Cost of renewables is forecast to continue falling globally, as China extends its manufacturing lead

19/2/2025

News

Aerial view over row of wind turbines on mountain ridge, extending into the distance Photo: Adobe Stock/hu
Power generated from onshore wind turbines in China cost around 24% less than the global benchmark of $38/MWh, according to the latest analysis from BloombergNEF

Photo: Adobe Stock/hu

The cost of clean power technologies such as wind, solar and battery technologies is expected to fall by 2–11% in 2025, breaking last year’s previous cost reduction records, according to analyst BloombergNEF (BNEF). Meanwhile, China’s clean technology manufacturing capacity has led to rising protectionism in the form of import tariffs by countries hoping to prevent cheap imports upending their own energy markets. Trade barriers could temporarily stall cost declines, but BNEF still expects the levelised cost of electricity (LCOE) for clean technologies to fall 22–49% by 2035.

BNEF’s latest LCOE report suggests that ‘new wind and solar farms are already undercutting new coal and gas plants on production cost in almost every market globally’.

 

Its analysis indicates that the global benchmark cost for battery storage projects fell by a third in 2024 to $104/MWh, as a glut in supply due to slower electric vehicle sales than expected led to cheaper prices for battery packs. Meanwhile, the cost of a typical fixed-axis solar farm fell by 21% globally last year. Modules were sold at or below the cost of production, and there are no signs of the overcapacity in the solar supply chain easing in 2025. Batteries are expected to cross the $100/MWh watershed in 2025, while global benchmark costs for wind and solar generation are also set to fall 4% and 2%, respectively.

 

‘New solar plants, even without subsidies, are within touching distance of new US gas plants. This is remarkable because US gas prices are only a quarter of prevailing gas prices in Europe and Asia. It really raises the bar on what is possible even in the current market,’ comments Amar Vasdev, lead author of the report. ‘This opens up the likelihood that solar will become even more compelling in the coming years, especially if the US starts exporting liquefied natural gas and exposes its protected gas market to global price competition.’

 

China’s abundance of clean-tech manufacturing capacity was a key driver behind cost declines last year and has a major impact on project economics at home and abroad, reports BNEF. It says that, on average, the country can produce a MWh of electricity 11–64% cheaper than other markets. For example, it reports that power generated from onshore wind turbines costs around 24% less than the global benchmark of $38/MWh.
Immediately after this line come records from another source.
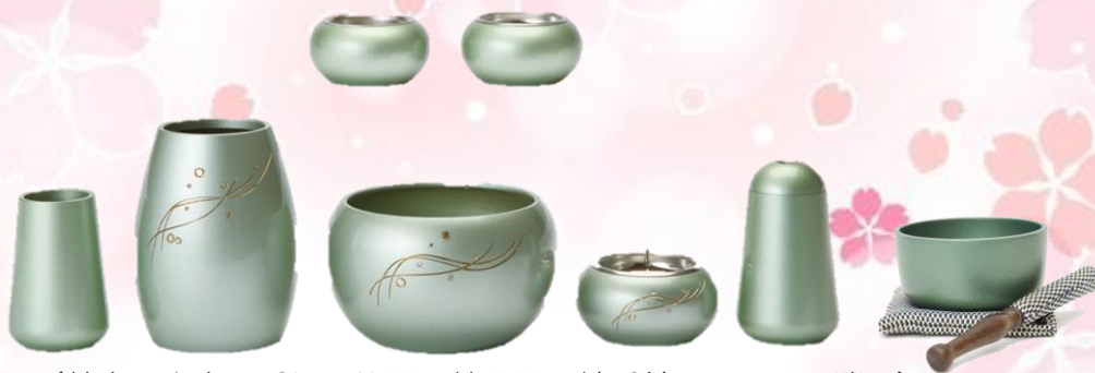
(花立、火立、香炉、仏器、茶湯器、線香差し、マッチ消し) 風美月セット 6具足セット (セピア)
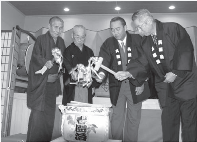
「上方落語資料展示館」オープニングの鏡開き（筆者右から2人目）（平成19年4月）

22歳で池田市役所に奉職、26歳で池田市議会議員に当選、5期20年を経て、46歳で池田市長に就任、少々紆余曲折があったものの4年間の空白期を経て、現在池田市長6期目となっています。昨年の選挙でのスローガンは「愛する池田の明日のために」で
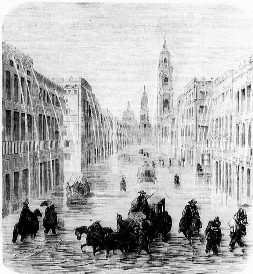
Egy mexikói utca az esős időkben.

Arria alakja fölülmulja magasztosságban kor-
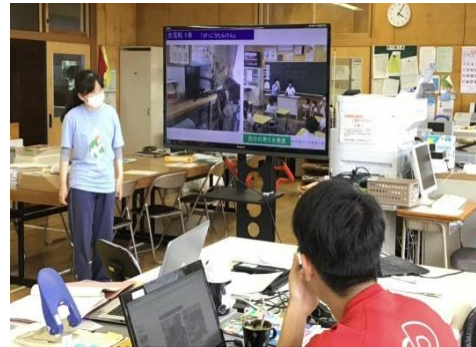
ICT機器を活用しての事例紹介
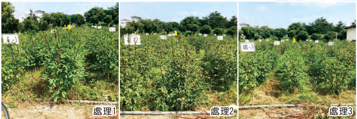
圖4. 不同防治時機洛神葵花苞期田間生長情形。處理1(第5次施藥前)：葉緣黃化後開始每2週施藥1次；處理2：對照不施藥；處理3(第5次施藥前)：依監測蟲數連續2-3週蟲數以1.5-2倍上升開始每週施藥1次。
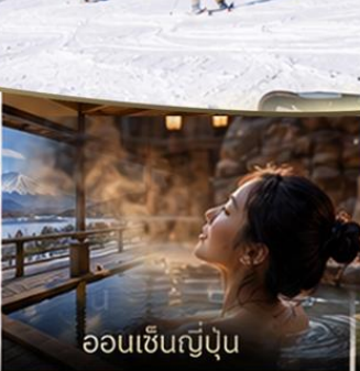
ออนเซ็นญี่ปุ่น
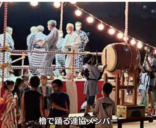
檜で踊る連協メンバー

の交流が深まり、大森学区がますます発展することを願います。また猛暑の中で準備に奔走して下さった自治会、消防団、旧女性会や大森太鼓打ちの会のメンバーなど、関係者の皆様に感謝申し上げます」と
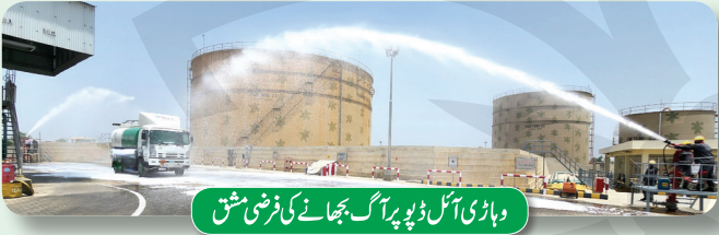
دہاڑی آئل ڈپو پر آگ بجھانے کی فرضی مشق

ساہیوال اور دہاڑی ڈپو میں سیفٹی ٹریننگ سیشنز کا انعقاد کیا گیا جن میں متعلقہ مقامات کی آپریشنز، لاجسٹکس، کیو اے اور سیورٹی ٹیموں نے شرکت کی۔ ساہیوال ڈپو میں مندرجہ ذیل پر تربیت دی گئی: 1۔ ٹی ایل (ایس او پی) کی فلنگ سے قبل ہاٹ ورک کے ٹھنڈے ہونے کا وقت
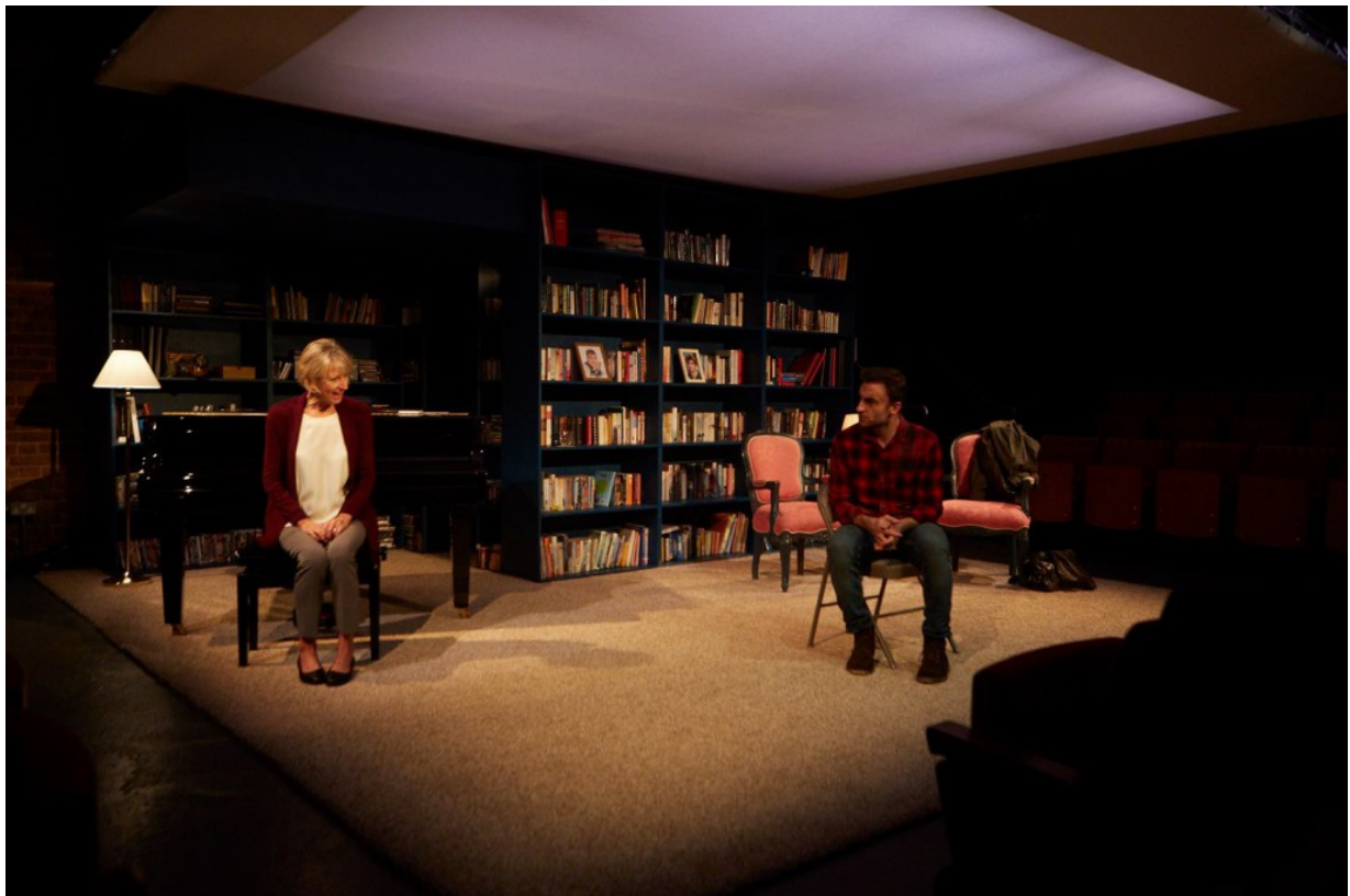
The swallow (L'oreneta) (Cervantes Theatre, London, 2018).

En gran part tot plegat explica per què me n'hi vaig anar a viure el 2014 i per què és més fàcil per a mi estrenar una obra a Londres, Atenes, Bucarest o Nova York abans que a la meua ciutat i en la meua llengua materna. Ha passat amb Gust de cendra , La terra promesa , L'oreneta i probablement tornarà a passar amb Al damunt dels nostres cants , últim Premi de Teatre Ciutat d'Alcoi, que ja s'està traduint a l'italià..
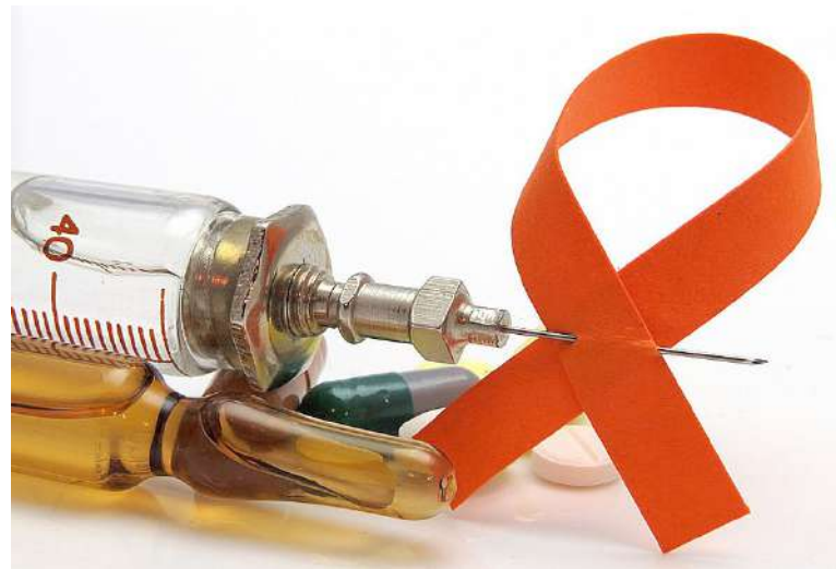
Un nuevo paciente encuentra la cura para el VIH.

Por muchos años se dijo que el VIH no tenía cura y que solo se podía controlar con los medicamentos y el tratamiento, pero hasta ahora tres personas pueden decir lo contrario desafiando a la ciencia.
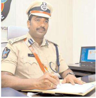
కర్నూలు రేంజ్ డివిజన్ బాధ్యతలు చేపడుతున్న దృశ్యం
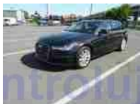
Pohled čelo-levý bok
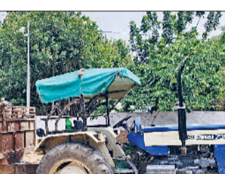
नारनौल। अवैध खनन में पकड़े गए वाहन।

प्रदेश के मुख्यमंत्री नायब सिंह सैनी की अवैध खनन के खिलाफ पारदर्शी और जीरो टॉलरेंस नीति का सीधा असर महेंद्रगढ़ जिले में दिख रहा है। इसी नीति के तहत जिला प्रशासन व खनन विभाग ने मिलकर पिछले 10 दिनों में अवैध खनन और खनिज के अवैध परिवहन पर लगातार कड़ी कार्रवाई की है। इसके परिणाम स्वरूप 12 वाहनों को जब्त किया गया है और लाखों रुपये का जुर्माना वसूला गया है। इसके अलावा खनिज के अवैध परिवहन
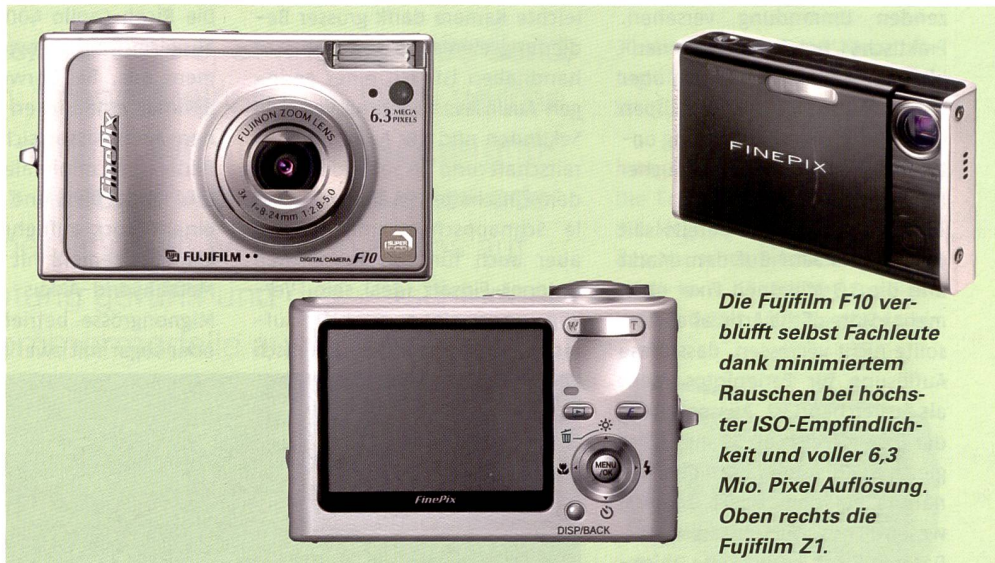
Die Fujifilm F10 verblüfft selbst Fachleute dank minimiertem Rauschen bei höchster ISO-Empfindlichkeit und voller 6,3 Mio. Pixel Auflösung. Oben rechts die Fujifilm Z1.

www.dpreview.com ). Dahinter steckt das neue Gesamtkonzept von Fujifilm, welches den Namen «Real-Photo-Technology» trägt.
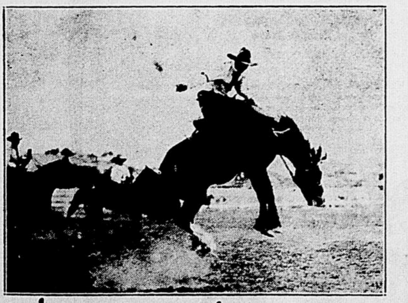
Le "Stampede" de Calgary, auquel assisteront cette année les voyageurs de l'Université de Montréal, à leur passage dans la métropole de l'Alberta le 10 juillet prochain, est un spectacle fort curieux pour ceux qui s'intéressent aux choses des plaines de l'Ouest. Cette grande foire, qui attire chaque année des milliers de spectateurs, met en vedette les meilleurs cavaliers du Canada et des Etats-Unis, qui étonnent les foules par leurs prouesses équestres sur chevaux indomptés.
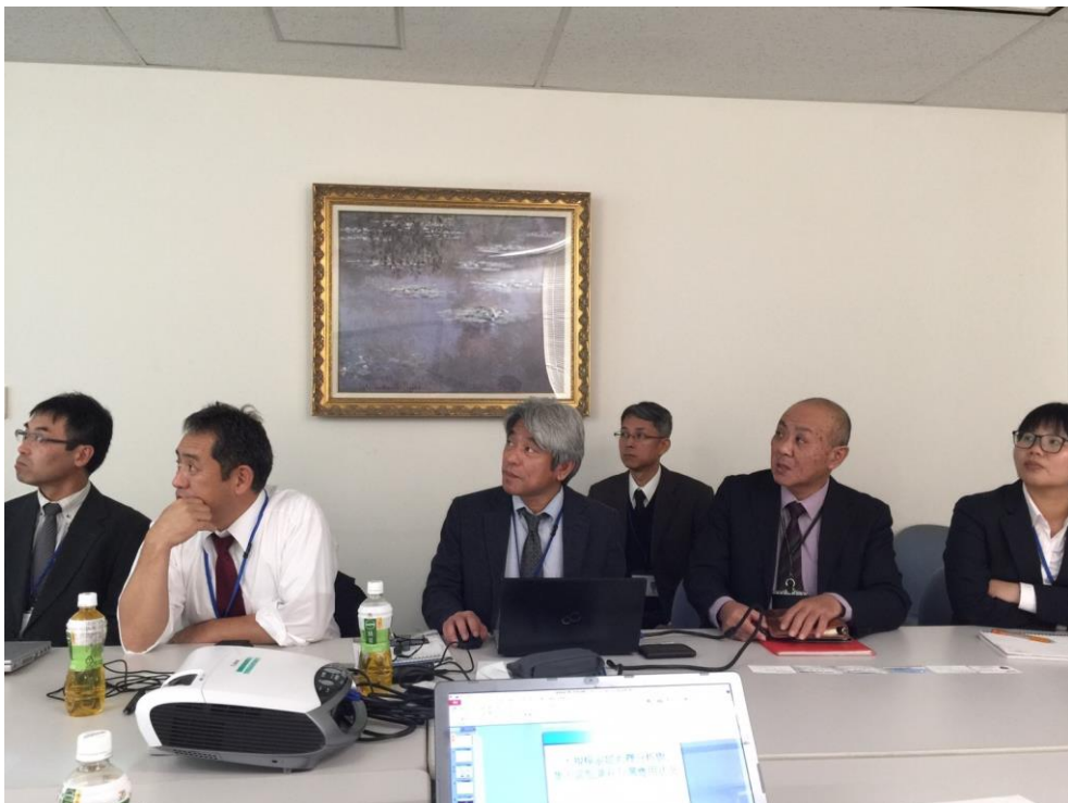
圖 3 與亞洲測量株式會社防災經驗交流

While wind turbine prices in China have been falling, they have increased elsewhere since 2020. BNEF’s turbine price index shows component costs coming down again in 2025, but manufacturers are keeping prices high to improve margins.

 

Although clean power technologies have improved markedly over the last few decades, there is still room for further technological and economic efficiencies. By 2035, BNEF’s global benchmark LCOE falls 26% for onshore wind, 22% for offshore wind, 31% for fixed-axis PV and almost 50% for battery storage.

 

‘China is exporting green energy tech so cheaply that the rest of the world is thinking about erecting barriers to protect their own industries,’ concludes Matthias Kimmel, head of Energy Economics at BNEF. ‘But the overall trend in cost reductions is so strong that nobody, not even President Trump, will be able to halt it.’